— PROVIDED ENTRIES —
-- -- --

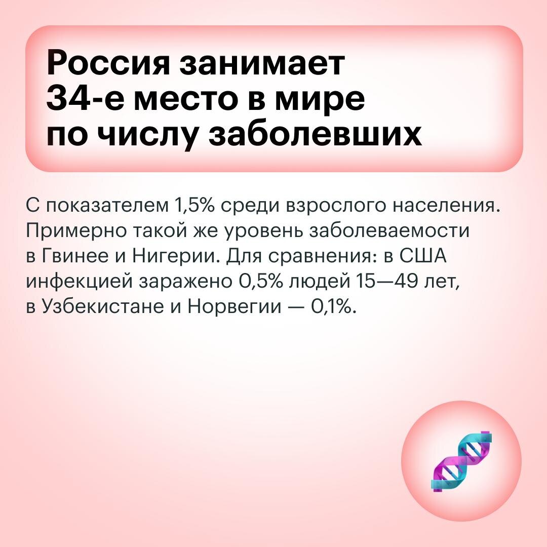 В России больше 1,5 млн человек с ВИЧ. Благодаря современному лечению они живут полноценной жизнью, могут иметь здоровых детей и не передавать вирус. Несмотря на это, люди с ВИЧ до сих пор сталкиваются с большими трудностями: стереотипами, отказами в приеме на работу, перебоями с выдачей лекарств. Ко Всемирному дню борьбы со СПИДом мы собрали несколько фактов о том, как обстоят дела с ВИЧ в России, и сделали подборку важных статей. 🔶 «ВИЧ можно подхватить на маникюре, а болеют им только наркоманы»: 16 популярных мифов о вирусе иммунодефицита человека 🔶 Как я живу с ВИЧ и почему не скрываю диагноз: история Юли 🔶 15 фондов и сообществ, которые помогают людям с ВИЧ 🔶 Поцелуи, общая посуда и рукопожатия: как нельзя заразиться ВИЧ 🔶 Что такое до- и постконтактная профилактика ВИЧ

-- -- --

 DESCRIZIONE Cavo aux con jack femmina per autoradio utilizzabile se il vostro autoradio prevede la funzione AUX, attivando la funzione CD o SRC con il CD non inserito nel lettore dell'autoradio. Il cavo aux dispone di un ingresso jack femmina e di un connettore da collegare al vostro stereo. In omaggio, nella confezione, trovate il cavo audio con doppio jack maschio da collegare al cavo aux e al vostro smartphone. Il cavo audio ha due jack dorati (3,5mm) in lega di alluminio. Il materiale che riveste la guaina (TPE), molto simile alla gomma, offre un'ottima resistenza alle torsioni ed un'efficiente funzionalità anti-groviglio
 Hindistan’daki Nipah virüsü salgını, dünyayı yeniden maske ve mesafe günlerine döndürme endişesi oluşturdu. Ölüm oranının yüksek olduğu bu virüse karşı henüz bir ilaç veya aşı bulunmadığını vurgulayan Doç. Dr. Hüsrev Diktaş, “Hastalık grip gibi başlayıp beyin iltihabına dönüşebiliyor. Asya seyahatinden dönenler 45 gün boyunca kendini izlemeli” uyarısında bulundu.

-- -- --

— YOUR OBJECTIVE —
Please return the lines above that run from the line containing "DESCRIZIONE Cavo aux" to the line containing "Hindistan’daki Nipah virüsü", inclusive, exactly and with no other lines.

— REPLY —
 DESCRIZIONE Cavo aux con jack femmina per autoradio utilizzabile se il vostro autoradio prevede la funzione AUX, attivando la funzione CD o SRC con il CD non inserito nel lettore dell'autoradio. Il cavo aux dispone di un ingresso jack femmina e di un connettore da collegare al vostro stereo. In omaggio, nella confezione, trovate il cavo audio con doppio jack maschio da collegare al cavo aux e al vostro smartphone. Il cavo audio ha due jack dorati (3,5mm) in lega di alluminio. Il materiale che riveste la guaina (TPE), molto simile alla gomma, offre un'ottima resistenza alle torsioni ed un'efficiente funzionalità anti-groviglio
 Hindistan’daki Nipah virüsü salgını, dünyayı yeniden maske ve mesafe günlerine döndürme endişesi oluşturdu. Ölüm oranının yüksek olduğu bu virüse karşı henüz bir ilaç veya aşı bulunmadığını vurgulayan Doç. Dr. Hüsrev Diktaş, “Hastalık grip gibi başlayıp beyin iltihabına dönüşebiliyor. Asya seyahatinden dönenler 45 gün boyunca kendini izlemeli” uyarısında bulundu.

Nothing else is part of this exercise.